Supercomputing '95: Computing and Visualizing Einstein's Gravitational Waves across the Metacenter

I. Foster, R. Gjersten, J. Massó, M. Nardulli, M. Parashar, T. Roy, E. Seidel, J. Shalf, D. Weber

Abstract

For Supercomputing '95, the NCSA group is developing a distributed, heterogeneous, scientific application that will solve the full 3D Einstein equations for the gravitational field, while simultaneously exploiting the resources at various sites around the metacenter and displaying the results as they are computed in the CAVE. This application is a continuation of work shown previously at both Supercomputing '93 and SIGGRAPH '94. At those conferences we demonstrated both the usefulness of the CAVE for scientific visualization and the feasibility of using high speed networks to distribute a complex scientific application across local HiPPI or FDDI networks. For Supercomputing '95 we plan to explore the use of the I-WAY ATM network to distribute the calculation across the largest machines available in the metacenter (thereby permitting the largest simulation of Einstein's equations ever attempted), and also to refine our scientific visualization capabilities in the CAVE.

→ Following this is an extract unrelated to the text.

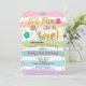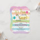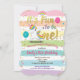 Pastel rainbow and dapping unicorn girl first birthday invitation.

Our group, which is part of the NSF funded Grand Challenge effort to solve the Einstein equations, has already transformed one our 3D codes (H3expresso) to begin this effort. Using message passing (through MPI, PVM, or other libraries) the code can already run efficiently on the CM-5, SP-1, T3D, and SGI Power Challenge, and it has already been tested on a heterogeneous computing environment linking NCSA and Argonne. The Einstein equations offer an excellent opportunity to illustrate heterogeneous, scalable computing, as very large amounts of computation must be performed at each point in the computational domain, leading to a very high computation to communications ratio needed for success in such an application. Based on our experience to date, and the resources available at the metacenter, we believe that such a distributed computation should be able to achieve speeds of order 100 GFlops. This effort will provide an important testbed for development of other large scale distributed scientific applications, as our numerical algorithms are common to many scientific and engineering disciplines, therefore having direct application to other fields of computational science.

For this demonstration, we will require resources at a number of centers, such as the NCSA CM-5, the Cornell SP-2, the Pittsburgh C-90 and T3D, and the San Diego Paragon. We have already requested time on all these machines through the MAC Grand Challenge grants this year. We are considering additional sites, such Los Alamos, Argonne, and others. We will also require the CAVE, which will be used both to show the results of the computations and to control the distributed code application while it is running.